All my bags are packed, I'm ready to go
I'm standin' here outside your door
I hate to wake you up to say goodbye
But the dawn is breakin' it's early morn
The taxi's waitin' he's blowin' his horn
Already I'm so lonesome I could die
I hate to wake you up to say goodbye
But the dawn is breakin' it's early morn
The taxi's waitin' he's blowin' his horn
Already I'm so lonesome I could die
-John Denver
See the poor little West Highland Terrier in the crate, right above the "Cebu" on the wagon?
That's just not right! He's too tiny to be left in the freezing belly of this whale of steel.
I bet there are turkeys in the perforated boxes!
Here I go again. Gonna get high on Dramamine and Coca Cola. Both help with the air sickness.
Ground Crew, we are all clear in the cabin. Secure for take off please.
Low and tight across the lap.
It was now 12:37PM. Our flight was scheduled to depart at 12:00PM.
Mga binibini at ginoon, in order to expedite take off, please take your seat and ensure that your seat belts are securely fastened low and tight across your lap.
To put on your seat belt, insert flat end into buckle. Pull loose end of the belt to tighten.
[It is unlikely, but...] In the event of a water landing, pull the life vest over your head, secure the strap around your waist. To inflate the vest, pull on the red tabs. Do NOT inflate the vest while still in the aircraft.
Really?!
In the event of a change in cabin pressure, oxygen masks will automatically drop from the panels above. Reach out and pull the mask toward you. Place the mask over your mouth and nose, tighten the loose ends, and breathe fully. Oxygen is flowing, even if the bag does not inflate.
For more safety information, please refer to the emergency guides located in the seat pocket in front of you.
In all my years of flying - and trust me, I have flown many, many miles - I have never heard this: [although it is very unlikely...] in the event of a crash landing-
Wha-?
Crash?
We're going to CRASH?!
Remember folks, the ABC hit series Lost is fiction. And the comedy movie Airplane is just that, a movie. There ain't anybody sane in a crashing plane.
I met a young priest in Bohol who told a good joke:
A priest had died, and gone to Heaven. Upon arriving at the Gate of St. Peter, he asked the saint "Statistically, what group of people make it through your gate the most?"
"Habal-habal drivers," answered St. Peter.
The priest was perplexed. He had expected St. Peter to say men and women of the cloth, like himself. "How is that?"
"Because their driving makes their passengers call on God relentlessly."
Hisusmariahosip!
'Sus, Ginoo ko!
Santa Maria!
Dios ko, tabang!
Pay attention, flight pursers! If you want to go to Heaven...
Where was I?
... in the event of a crash landing...
See that jiggly leg? It belongs to yours truly, a putoter who stands at a very proud 4'11". Yet, notice the minimal leg room for me between the seats. How does even one such passenger get into the Brace For Impact Position?
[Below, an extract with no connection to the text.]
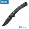 Рукоять изготовлена с использованием карбоновых накладок. Карбон это довольно дорогой, но невероятно прочный материал. Он очень легок и не боится влияния химических реагентов. Переплетения карбоновых нитей, вырисовывают уникальную текстуру, поэтому карбон прочно обосновался в сегменте аксессуарных и джентльменских ножей. Стоит отметить, что несмотря на то, что карбоновые нити почти не возможно порвать, этот материал плохо переносит удары, а так же прямое воздействие солнечных лучей.

I once met a Native American Tribal Chief who came to Seattle from Alaska for a totem pole ceremony. He was a little dark man who stood straight as an arrow. His leathered, wrinkled face and hands bore witness to a significant history, for he was very, very old. He spoke only Inuit, a native language. He must have thought I was from his tribe - I've been mistaken for a Native American at a few pow wows before - because he said to me (which was translated by his young companion) "I'd never been on an airplane before. I wanted to drive here, but that would take too long. When I sat down and fastened my seat belt, I almost decided to get off the plane. But then this kind lady in a blue suit stood over us all, and [motions with his arms in the air, like priest giving a blessing], blessed us with a prayer. That made me feel better about flying!"
Mga binibini at ginoon, this aircraft has five exits; two exits located in the aft, two over the wings, and one in the forward cabin. Please look around to find your nearest exit, keeping in mind that it may be behind you.
Maghimaya ka Maria...
Hisus, Hisus, kon ako ma matay,
Tell my mother 'do not cry'...
Ginoo, palihog lang...
I just got my nails done...
Ladies and gentlemen, this is your captain speaking. We have light winds from the south, but I expect that our flight will be smooth. Once we have reached our cruising altitude, feel free to roam about the cabin.
I'll close with one last joke, as told by Papa B.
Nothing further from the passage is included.